Second round of bidding in Copa del Rey domestic rights auction

Spanish broadcasters have been asked to submit their second-round offers for rights to the Copa del Rey tournament during the 2019-20 to 2021-22 cycle.

The Spanish Football Federation (RFEF) began the invitation to tender process at the end of August but first-round bids lodged at the start of this month are reported to have been beneath the national association’s asking price.

First-round bids were received from the Mediapro agency, commercial broadcaster Mediaset and an alliance between public broadcaster TVE and telecoms operator Telefónica, according to Spain’s Palco23.com.

The second-round offers must be submitted by the end of the day on Friday (October 10) with the RFEF reported to be targeting as much as €45m ($48.7m) per year.

The RFEF, under the leadership of outspoken president Luis Rubiales, had included criteria in the initial invitation to tender document that appeared to preclude Mediapro from bidding.

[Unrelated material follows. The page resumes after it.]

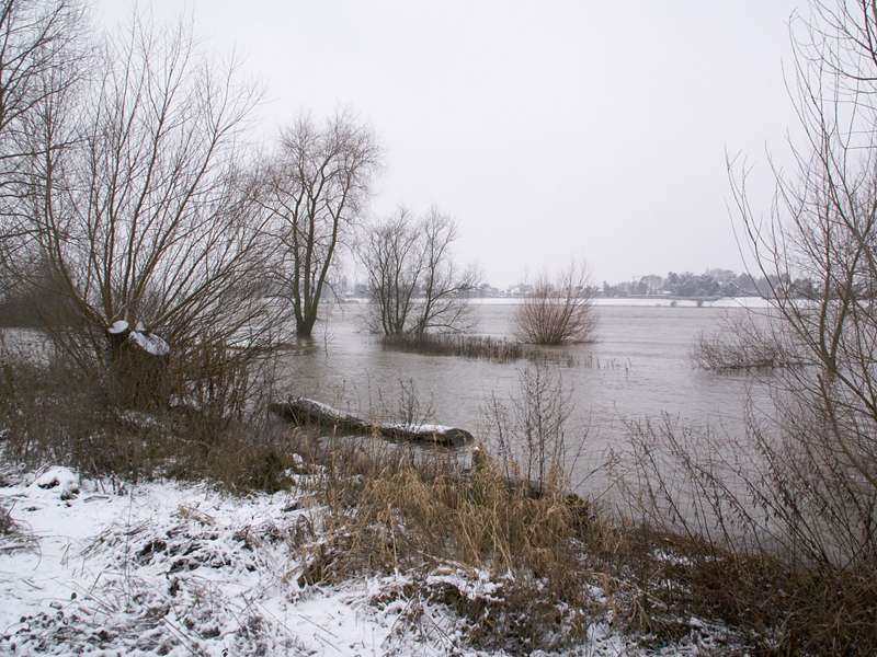 Bäume an einem überfluteten Uferabschnitt |

However, following analysis by the RFEF’s evaluation commission, the way is now apparently open for the agency to bid for the rights.

The inventory comprised exclusive live rights to up to 117 matches covering the main competition’s six qualifying rounds and the final. The successful bidder must broadcast at least 65 matches each season. The semi-finals and final are required to be broadcast free-to-air and in HD quality.

Last month, the Spanish competition regulator (CNMC) called on the RFEF to review several aspects of its invitation to tender process.

Upon launching the tender process, the RFEF specified that it would be responsible for producing all matches, although the successful bidder would bear the costs, which vary from as low as €12,000 per match for the lowest profile matches to as high as €170,000 for the final.

The RFEF previously only marketed the broadcast rights to the Copa Del Rey final, which it sold to TVE in separate deals over the last two seasons. It sold the rights to the 2017 final to Mediaset as part of a wider deal including rights to the Supercopa and friendly matches of the Spanish national team.

Mediapro held the rights in the 2016-19 cycle to the remainder of competition, which it acquired from the then rights-holder LaLiga, the body that governs the top two tiers of Spanish league football. RFEF initially excluded Mediapro from last year’s bidding process for the Copa Del Rey final, before a judge ruled the exclusion unlawful.